SUPPLIED RECORDS —
======
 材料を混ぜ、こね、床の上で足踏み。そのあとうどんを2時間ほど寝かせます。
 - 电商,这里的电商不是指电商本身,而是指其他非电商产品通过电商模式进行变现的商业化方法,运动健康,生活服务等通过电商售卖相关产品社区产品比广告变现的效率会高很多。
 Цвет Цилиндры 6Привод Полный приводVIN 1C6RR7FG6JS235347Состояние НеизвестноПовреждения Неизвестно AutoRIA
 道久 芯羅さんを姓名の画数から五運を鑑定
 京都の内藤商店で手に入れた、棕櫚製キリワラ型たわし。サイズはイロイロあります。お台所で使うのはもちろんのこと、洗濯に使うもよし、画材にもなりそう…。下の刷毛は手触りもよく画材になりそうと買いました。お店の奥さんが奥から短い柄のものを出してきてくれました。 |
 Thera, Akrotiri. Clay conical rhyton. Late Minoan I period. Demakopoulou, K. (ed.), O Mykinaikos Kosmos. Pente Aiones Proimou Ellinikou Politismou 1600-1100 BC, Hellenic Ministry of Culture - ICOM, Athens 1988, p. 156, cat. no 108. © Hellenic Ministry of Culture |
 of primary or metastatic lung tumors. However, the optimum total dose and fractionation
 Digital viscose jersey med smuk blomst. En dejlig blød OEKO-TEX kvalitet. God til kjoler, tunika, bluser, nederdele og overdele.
======
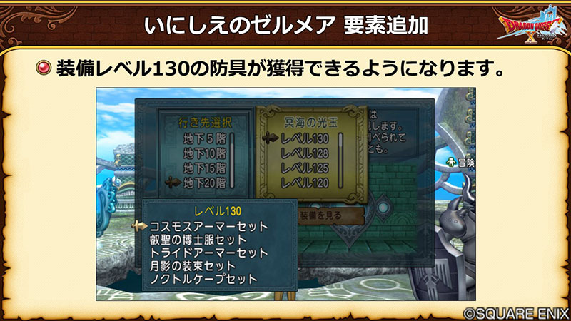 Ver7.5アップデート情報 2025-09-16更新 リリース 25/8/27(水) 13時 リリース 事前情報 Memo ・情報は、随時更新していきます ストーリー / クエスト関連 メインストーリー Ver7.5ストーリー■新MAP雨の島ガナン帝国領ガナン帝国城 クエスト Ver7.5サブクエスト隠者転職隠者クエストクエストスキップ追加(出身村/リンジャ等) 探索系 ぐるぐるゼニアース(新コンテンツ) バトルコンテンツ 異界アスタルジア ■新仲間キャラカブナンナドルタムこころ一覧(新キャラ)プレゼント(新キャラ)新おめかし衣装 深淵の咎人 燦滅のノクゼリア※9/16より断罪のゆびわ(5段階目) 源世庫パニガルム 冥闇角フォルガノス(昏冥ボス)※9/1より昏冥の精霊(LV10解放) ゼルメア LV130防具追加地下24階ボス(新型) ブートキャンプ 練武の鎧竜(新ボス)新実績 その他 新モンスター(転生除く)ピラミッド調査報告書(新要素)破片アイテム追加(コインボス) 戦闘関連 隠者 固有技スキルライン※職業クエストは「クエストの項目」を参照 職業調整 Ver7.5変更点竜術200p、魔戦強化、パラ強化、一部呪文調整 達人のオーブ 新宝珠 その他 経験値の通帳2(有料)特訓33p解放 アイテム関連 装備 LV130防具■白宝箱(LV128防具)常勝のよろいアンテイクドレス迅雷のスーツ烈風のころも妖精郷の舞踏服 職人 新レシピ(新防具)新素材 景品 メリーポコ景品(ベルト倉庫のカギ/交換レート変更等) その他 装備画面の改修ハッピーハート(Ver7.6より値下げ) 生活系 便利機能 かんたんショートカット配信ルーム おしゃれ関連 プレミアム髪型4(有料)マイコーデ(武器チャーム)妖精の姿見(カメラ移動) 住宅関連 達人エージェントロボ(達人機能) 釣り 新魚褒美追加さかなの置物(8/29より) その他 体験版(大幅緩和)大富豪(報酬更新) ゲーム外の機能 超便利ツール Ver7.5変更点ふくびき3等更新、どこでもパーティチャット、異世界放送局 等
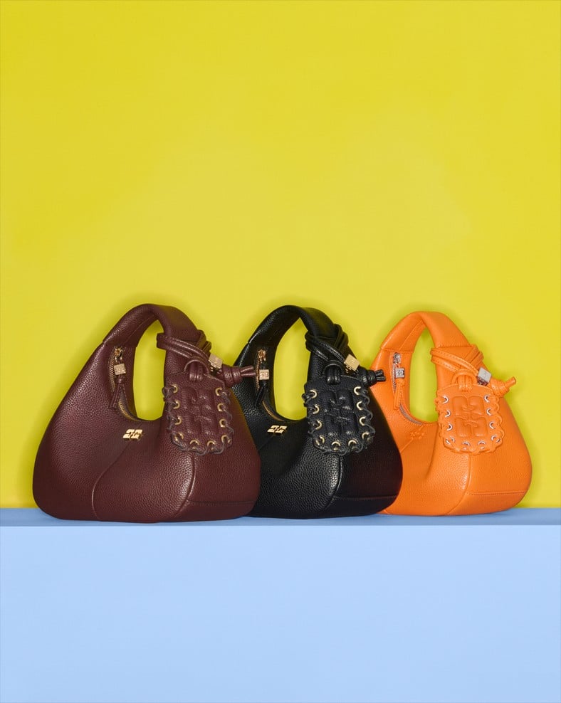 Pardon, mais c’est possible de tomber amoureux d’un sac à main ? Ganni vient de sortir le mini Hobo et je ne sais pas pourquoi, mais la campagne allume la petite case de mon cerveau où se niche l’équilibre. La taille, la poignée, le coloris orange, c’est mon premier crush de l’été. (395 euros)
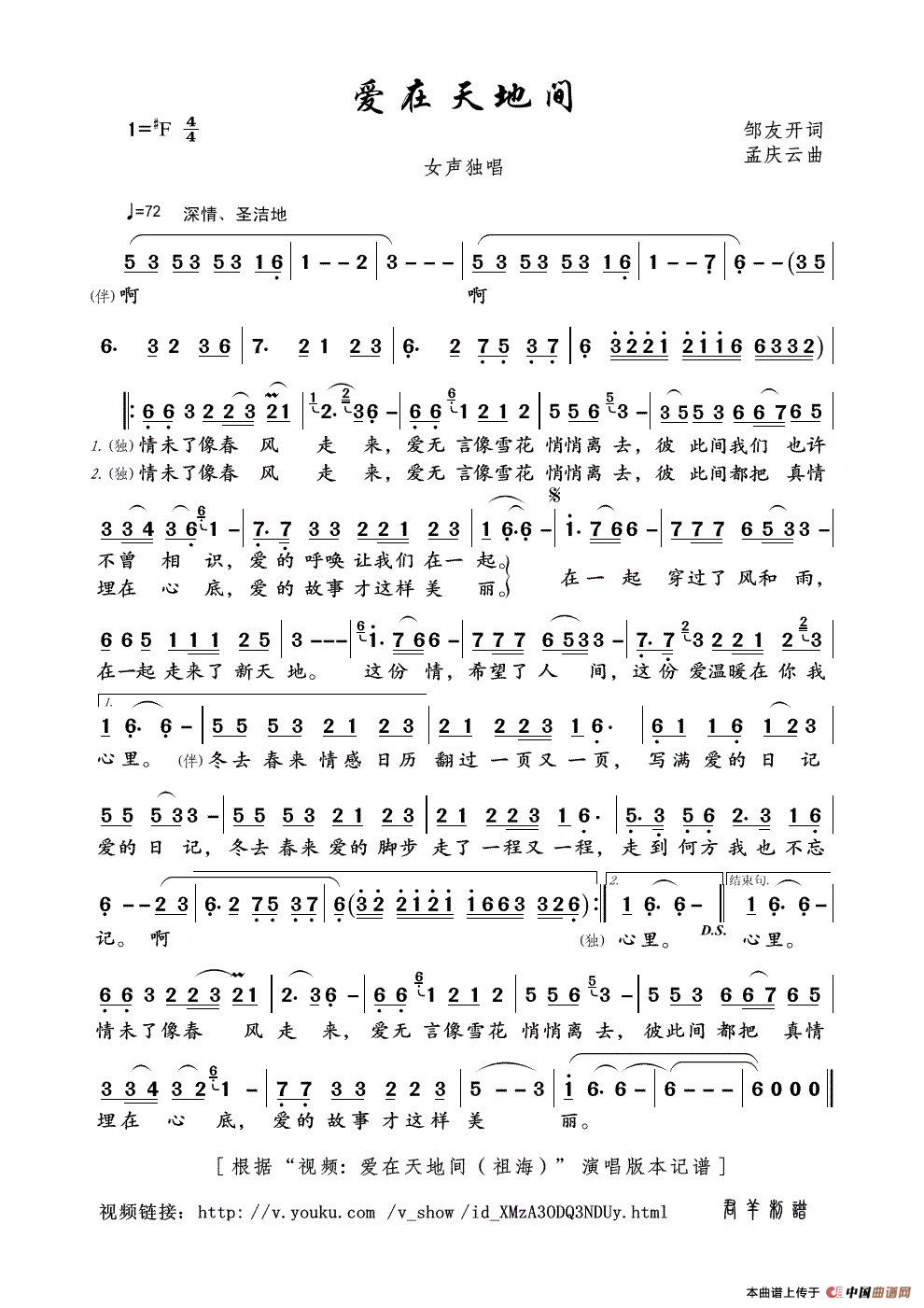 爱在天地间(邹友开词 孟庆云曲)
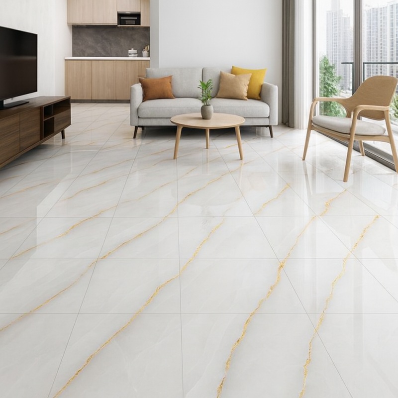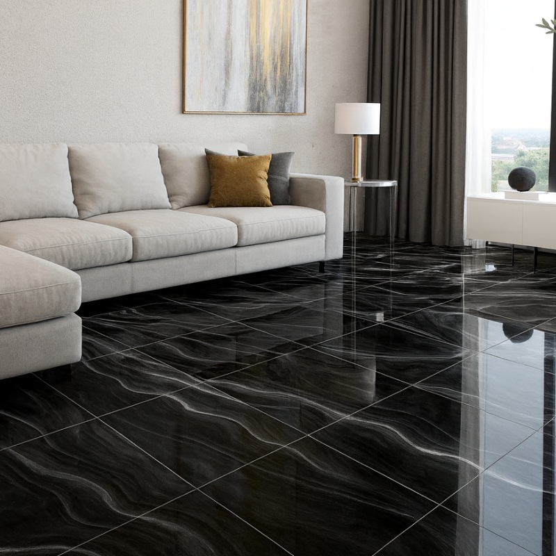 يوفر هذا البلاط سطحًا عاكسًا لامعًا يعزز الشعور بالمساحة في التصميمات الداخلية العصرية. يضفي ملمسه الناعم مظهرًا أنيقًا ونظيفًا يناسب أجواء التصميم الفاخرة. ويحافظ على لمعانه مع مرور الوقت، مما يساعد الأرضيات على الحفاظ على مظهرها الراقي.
======
WHAT IS NEEDED — Working from the data above, extract solely the lines from the one containing "材料を混ぜ、こね、床の上で足踏み。そのあとうどんを2時間ほど寝かせます。" through the one containing "京都の内藤商店で手に入れた、", exactly as they appear, both included.

WORKED SOLUTION —
 材料を混ぜ、こね、床の上で足踏み。そのあとうどんを2時間ほど寝かせます。
 - 电商,这里的电商不是指电商本身,而是指其他非电商产品通过电商模式进行变现的商业化方法,运动健康,生活服务等通过电商售卖相关产品社区产品比广告变现的效率会高很多。
 Цвет Цилиндры 6Привод Полный приводVIN 1C6RR7FG6JS235347Состояние НеизвестноПовреждения Неизвестно AutoRIA
 道久 芯羅さんを姓名の画数から五運を鑑定
 京都の内藤商店で手に入れた、棕櫚製キリワラ型たわし。サイズはイロイロあります。お台所で使うのはもちろんのこと、洗濯に使うもよし、画材にもなりそう…。下の刷毛は手触りもよく画材になりそうと買いました。お店の奥さんが奥から短い柄のものを出してきてくれました。 |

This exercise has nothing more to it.